We milled the wood with the mill I built a couple of years ago powered by an 134cc PowerBee motor. The bar is a 38" and after milling these pieces I can see a 52" bar in the stars... The second mill is the mini-mill I built for my neighbor. It was great for milling the sides of the logs into a square cant. His saw is a Husky 365 Special with a 24" bar using 3/8" chain.

Logs to be milled. biggest piece was 56" long and 45" wide. Had to do a bit of trimming so I could swing my 38" bar to make the cuts.







Here is a picture of the big piece to be milled.






Here is a view from the 6K acre ranch. The weather was beautiful both days we were up there.






Took this picture the day we went out to scope out the tree. That's my truck way in the background.






Another shot of the ranch and my neighbor/milling partner.


----------



## 820wards (Apr 28, 2011)

*Milled Some Blue Oak 2st Post*

More pictures of the Blue Oak milled.

One of the cants Simon milled square with his Mini-mill. We setup in the shade of other blue oak trees. The weather was maybe 71* with just a slight breeze. Great milling weather.






This piece ended up having a crack in it, but I can use it for some smaller projects.

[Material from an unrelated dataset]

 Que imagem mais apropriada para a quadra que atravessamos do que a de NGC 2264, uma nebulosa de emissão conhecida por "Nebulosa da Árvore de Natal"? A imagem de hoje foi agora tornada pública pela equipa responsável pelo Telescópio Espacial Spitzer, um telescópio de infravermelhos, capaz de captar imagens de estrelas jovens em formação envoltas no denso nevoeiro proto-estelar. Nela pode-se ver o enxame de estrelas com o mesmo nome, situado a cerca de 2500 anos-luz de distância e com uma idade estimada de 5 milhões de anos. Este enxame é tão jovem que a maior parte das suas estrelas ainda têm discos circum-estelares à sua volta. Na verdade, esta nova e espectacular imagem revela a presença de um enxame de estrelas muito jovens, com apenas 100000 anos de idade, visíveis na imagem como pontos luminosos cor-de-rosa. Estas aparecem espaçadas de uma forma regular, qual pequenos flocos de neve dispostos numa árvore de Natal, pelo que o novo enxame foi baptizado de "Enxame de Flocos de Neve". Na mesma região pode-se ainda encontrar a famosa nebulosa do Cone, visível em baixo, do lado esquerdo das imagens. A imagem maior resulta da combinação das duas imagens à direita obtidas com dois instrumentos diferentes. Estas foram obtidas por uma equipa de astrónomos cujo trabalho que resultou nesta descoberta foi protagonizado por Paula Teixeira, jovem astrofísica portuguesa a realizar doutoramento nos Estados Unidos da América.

Here we have set up to mill a log that we cut at just under 8'. Our mini-mill guide rails are 10' so it worked out good.






Here Simon and my other friend Gary are making the first cut on the log.

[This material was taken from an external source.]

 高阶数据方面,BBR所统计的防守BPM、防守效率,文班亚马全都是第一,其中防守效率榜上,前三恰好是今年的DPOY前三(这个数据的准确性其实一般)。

With this piece Simon milled it at 6-1/2" thick and will be using it to make a bench. I will use one of the side caps to make a back. We did square cut three sides so when I mount the back I have a square line to work with.


----------



## 820wards (Apr 28, 2011)

*Milled Some Blue Oak Post 3rd Post*

Here we are preparing to mill the largest piece of Blue Oak wood. We had to trim some of the edges so I could still mill with my 38" bar.

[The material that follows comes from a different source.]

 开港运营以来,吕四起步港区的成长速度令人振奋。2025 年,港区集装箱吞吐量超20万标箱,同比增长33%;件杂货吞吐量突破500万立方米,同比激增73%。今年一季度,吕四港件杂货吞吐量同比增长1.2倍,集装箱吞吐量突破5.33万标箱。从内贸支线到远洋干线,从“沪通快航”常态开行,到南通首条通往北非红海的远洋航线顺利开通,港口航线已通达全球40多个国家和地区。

Additional trimming of the log.






On this log I found it easier to use a 2x12 redwood plank as my guide board. The stump was on a real steep hillside and my 10' uni-strut guide rails I use just wasn't going to work. Our footing was an issue to doing this safe so a plank was our best choice. In this picture we have made our cap cut and are ready to see what we have.






2rd slab cut.






Making our 3nd slab cut.


----------



## 820wards (Apr 28, 2011)

*Milled Some Blue Oak Post 4th Post*

Here is what we brought home.





















http://www.arboristsite.com/attachment.php?attachmentid=181839&d=1303965678


----------



## 820wards (Apr 28, 2011)

*Milled Some Blue Oak Post 5th Post*

More of what we brought home.
















These pieces will be used for the bench I will be making.






So this is what I did on Tuesday. Today we went back and cut a little over a cord of wood from the remaining limbs. As I type this I'm a bit sore all over. I think it was harder doing all the fire wood cutting and hauling to the trucks. Overall it was a fun two days. I still have a maple tree I haven't milled yet. Tomorrow I will be spending my time cleaning all my saws and gear I used and then my truck, it's really muddy-dirty. My milled ran great every time so I was very happy with it's performance.

jerry-


----------



## BlueRider (Apr 28, 2011)

Nice color and figure. You ended up with some boards with some nice character, this is a bleassing and a curse. the blessing part is obvious, the curse part is that the boards are so spectacular that they can over power a design so the challange is to come up with a design that lets the wood be what it is. I would recomend reading George Nakashima's 'The soul of a tree' while you wait for those boards to dry.

Amazon.com: The Soul of a Tree: A Master Woodworkers Reflections (9780870119033): George Nakashima: Books


----------



## SDB777 (Apr 28, 2011)

> These trees are protected in some areas of CA.




Great place, nice slabs, and good friends you have there!!!

Question....if the trees are protected in 'some' areas of CA. What happens when someone notices these trees are protected? I mean, how do the 'powers that be' know that the wood you have there isn't from one of the protected trees?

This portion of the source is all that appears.